Pero en un coche marcado con las insignias del ejército británico yo habría llamado mucho la atención. Se habrían fijado en mí al pasar el control. Y con todas las facilidades que siempre se le proporcionan a los policías secretos de Alemania Oriental, a los que era muy difícil detectar y aún más difícil sacarse de encima, me habrían seguido dondequiera que fuese.

Así que estuve haciendo cola en el frío andén y esperé mi turno para pasar por la aduana con el nombre de Peter Hesse, empleado de una compañía constructora y nativo de Hannover. Era una identidad que ya había utilizado con anterioridad. Tenía el respaldo de un empresario de la construcción en Düsseldorf y una dirección en la cual las personas que allí residían estaban dispuestas a jurar que Peter Hesse era vecino suyo.

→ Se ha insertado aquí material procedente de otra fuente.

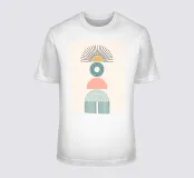 Una composizione geometrica presenta varie forme, tra cui un semicerchio che ricorda il sole, cerchi concentrici e archi in tenui tonalità pastello. Il disegno è simmetrico e bilancia gli elementi visivamente attraenti.

Una vez en el exterior, en el sucio aire de Berlín, volví a respirar libremente. Friedrichstrasse estaba atiborrada de tráfico de autobuses, bicicletas y coches, algunos de ellos apestosos y ruidosos con sus renqueantes motores de dos tiempos. La estación de Friedrichstrasse siempre ha sido el verdadero centro del viejo Berlín; lo que unos llamaban Stadtmitte y otros el Zentrum. Era una encrucijada popular, y siempre muy frecuentada por los policías Vopo, por soldados y por la policía fronteriza de la Grepo.

Allá por los años veinte, Friedrichstrasse era la calle más populosa de la ciudad, el centro comercial y también la zona de espectáculos. Allí se encontraban algunos de los antiguos teatros famosos de Berlín —el Wintergarten, el Apollo, el Metropol y el Almiralspalast—, que habían proporcionado la diversión más escandalosa de toda aquella escandalosa ciudad. Al abrirse camino por entre las busconas grotescamente pintadas que abarrotaban aquellas calles, por el precio de una copa uno hubiera podido ver a Richard Tauber cantando Dein ist mein ganzes Herz o contemplar a una Marlene Dietrich llena de juventud canturrear en voz baja Naughty Lola. En aquellos tiempos las canciones de

cabaret eran mordaces, tópicas y maliciosas, y formando parte del público asistente a las distintas actuaciones se podía ver fácilmente a todo el mundo, desde Brecht hasta Alfred Doblin, desde Walter Gropius hasta Arnold Schonberg. Aquél era el Berlín sobre el cual uno lee en los libros de historia.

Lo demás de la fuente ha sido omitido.